# ASSIGNMENT:
Look through the data below for the line with "近日,由浙江省大学生科技竞赛", and transcribe it exactly together with each line after it up to and including the line with "那么对应到卡片上,左上角和右". Give nothing else.

# RECORDS PROVIDED:
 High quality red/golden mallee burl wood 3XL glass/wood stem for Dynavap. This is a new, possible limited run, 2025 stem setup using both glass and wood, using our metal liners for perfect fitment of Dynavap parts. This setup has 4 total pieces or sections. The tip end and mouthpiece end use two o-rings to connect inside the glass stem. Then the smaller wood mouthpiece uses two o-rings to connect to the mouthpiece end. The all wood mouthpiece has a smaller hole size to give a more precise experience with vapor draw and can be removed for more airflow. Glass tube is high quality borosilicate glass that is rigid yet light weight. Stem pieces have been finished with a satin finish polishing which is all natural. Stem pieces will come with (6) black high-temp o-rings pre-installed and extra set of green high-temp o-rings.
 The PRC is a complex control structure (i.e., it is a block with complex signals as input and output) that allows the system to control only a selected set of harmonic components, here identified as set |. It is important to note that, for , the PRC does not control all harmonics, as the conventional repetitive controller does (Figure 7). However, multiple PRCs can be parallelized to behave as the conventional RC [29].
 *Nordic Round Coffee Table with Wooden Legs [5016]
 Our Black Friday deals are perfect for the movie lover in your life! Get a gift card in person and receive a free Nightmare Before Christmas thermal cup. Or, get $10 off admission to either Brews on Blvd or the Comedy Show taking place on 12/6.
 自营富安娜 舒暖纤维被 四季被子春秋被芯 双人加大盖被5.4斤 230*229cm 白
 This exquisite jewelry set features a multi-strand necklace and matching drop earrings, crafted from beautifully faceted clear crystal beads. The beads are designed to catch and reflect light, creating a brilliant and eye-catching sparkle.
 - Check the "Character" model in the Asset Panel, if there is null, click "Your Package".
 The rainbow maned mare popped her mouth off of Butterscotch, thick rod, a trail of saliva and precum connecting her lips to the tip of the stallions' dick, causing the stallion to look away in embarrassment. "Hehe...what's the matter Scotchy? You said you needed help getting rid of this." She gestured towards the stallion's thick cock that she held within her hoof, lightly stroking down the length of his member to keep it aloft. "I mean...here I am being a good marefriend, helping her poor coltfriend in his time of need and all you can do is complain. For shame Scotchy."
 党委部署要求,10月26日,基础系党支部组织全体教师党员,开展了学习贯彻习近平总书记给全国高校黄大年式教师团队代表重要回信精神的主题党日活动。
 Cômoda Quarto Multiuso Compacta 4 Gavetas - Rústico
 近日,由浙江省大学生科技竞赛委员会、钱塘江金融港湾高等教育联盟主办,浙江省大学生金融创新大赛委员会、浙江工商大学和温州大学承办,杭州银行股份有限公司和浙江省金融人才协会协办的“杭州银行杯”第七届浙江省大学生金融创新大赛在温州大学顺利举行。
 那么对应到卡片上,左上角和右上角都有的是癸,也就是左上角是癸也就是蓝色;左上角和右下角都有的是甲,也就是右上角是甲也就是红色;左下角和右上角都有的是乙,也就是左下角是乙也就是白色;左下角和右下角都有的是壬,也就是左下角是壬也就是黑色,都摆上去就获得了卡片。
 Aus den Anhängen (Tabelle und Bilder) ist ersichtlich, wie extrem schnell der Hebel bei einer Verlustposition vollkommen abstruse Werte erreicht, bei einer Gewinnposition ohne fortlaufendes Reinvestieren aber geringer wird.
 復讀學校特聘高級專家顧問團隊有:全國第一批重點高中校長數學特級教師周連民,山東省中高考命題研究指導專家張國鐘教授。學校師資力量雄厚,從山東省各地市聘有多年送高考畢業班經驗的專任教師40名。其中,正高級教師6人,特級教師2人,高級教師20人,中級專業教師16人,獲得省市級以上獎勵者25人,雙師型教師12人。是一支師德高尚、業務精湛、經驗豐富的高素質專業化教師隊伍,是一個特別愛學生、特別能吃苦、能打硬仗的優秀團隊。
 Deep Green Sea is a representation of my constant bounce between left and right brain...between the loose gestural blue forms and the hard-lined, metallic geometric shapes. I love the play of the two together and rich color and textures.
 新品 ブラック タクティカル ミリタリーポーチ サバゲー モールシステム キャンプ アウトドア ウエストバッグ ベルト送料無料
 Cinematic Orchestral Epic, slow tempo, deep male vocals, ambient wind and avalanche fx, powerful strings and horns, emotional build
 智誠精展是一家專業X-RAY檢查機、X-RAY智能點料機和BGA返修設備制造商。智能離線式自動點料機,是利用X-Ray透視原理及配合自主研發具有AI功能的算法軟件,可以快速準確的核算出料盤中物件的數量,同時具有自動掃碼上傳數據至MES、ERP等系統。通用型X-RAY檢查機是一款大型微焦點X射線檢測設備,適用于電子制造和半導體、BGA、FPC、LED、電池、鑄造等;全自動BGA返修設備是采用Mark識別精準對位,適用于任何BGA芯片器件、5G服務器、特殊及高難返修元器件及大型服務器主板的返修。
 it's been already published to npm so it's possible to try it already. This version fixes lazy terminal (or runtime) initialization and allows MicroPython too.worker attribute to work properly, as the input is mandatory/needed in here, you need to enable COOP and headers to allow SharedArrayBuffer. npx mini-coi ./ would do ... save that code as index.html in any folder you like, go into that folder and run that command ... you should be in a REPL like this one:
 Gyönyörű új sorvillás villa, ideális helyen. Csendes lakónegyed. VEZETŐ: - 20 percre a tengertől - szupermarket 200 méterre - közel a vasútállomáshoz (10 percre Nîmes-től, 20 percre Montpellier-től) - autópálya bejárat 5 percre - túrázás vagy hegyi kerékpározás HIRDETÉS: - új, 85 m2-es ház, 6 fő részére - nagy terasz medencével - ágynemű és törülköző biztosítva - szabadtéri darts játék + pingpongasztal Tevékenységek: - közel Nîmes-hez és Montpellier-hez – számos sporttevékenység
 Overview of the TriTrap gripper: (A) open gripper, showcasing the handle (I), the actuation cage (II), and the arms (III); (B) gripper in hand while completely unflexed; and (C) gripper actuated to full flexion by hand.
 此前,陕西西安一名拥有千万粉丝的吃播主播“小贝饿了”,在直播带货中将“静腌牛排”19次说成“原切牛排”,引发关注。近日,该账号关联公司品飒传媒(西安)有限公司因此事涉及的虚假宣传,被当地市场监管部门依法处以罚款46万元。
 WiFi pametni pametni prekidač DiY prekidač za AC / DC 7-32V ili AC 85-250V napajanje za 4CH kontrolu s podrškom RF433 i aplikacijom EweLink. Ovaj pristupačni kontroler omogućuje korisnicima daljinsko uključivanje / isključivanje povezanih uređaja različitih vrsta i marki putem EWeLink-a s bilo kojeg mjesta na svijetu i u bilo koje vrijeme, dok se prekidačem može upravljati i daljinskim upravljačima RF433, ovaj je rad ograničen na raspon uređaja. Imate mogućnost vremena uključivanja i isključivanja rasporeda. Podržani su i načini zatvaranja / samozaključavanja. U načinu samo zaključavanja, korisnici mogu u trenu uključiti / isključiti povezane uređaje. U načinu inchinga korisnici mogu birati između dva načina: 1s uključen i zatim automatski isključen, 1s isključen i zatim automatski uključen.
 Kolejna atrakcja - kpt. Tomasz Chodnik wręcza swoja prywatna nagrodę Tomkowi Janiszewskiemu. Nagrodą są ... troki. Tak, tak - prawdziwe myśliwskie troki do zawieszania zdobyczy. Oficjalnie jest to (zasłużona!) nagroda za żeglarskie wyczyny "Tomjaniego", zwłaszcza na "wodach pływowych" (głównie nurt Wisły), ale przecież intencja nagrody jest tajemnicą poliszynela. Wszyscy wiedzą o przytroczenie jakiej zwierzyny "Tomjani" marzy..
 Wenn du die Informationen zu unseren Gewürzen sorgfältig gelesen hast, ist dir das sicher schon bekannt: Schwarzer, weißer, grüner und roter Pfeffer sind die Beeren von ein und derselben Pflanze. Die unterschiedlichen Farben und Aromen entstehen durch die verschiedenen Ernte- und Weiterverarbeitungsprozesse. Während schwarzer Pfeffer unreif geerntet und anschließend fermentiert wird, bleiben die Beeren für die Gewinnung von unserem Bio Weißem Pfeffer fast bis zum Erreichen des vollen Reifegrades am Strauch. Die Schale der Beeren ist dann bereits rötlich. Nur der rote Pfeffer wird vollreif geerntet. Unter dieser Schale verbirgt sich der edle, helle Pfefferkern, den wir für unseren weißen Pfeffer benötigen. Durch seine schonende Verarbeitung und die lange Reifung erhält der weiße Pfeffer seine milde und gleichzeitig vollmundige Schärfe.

# TASK SOLUTION:
 近日,由浙江省大学生科技竞赛委员会、钱塘江金融港湾高等教育联盟主办,浙江省大学生金融创新大赛委员会、浙江工商大学和温州大学承办,杭州银行股份有限公司和浙江省金融人才协会协办的“杭州银行杯”第七届浙江省大学生金融创新大赛在温州大学顺利举行。
 那么对应到卡片上,左上角和右上角都有的是癸,也就是左上角是癸也就是蓝色;左上角和右下角都有的是甲,也就是右上角是甲也就是红色;左下角和右上角都有的是乙,也就是左下角是乙也就是白色;左下角和右下角都有的是壬,也就是左下角是壬也就是黑色,都摆上去就获得了卡片。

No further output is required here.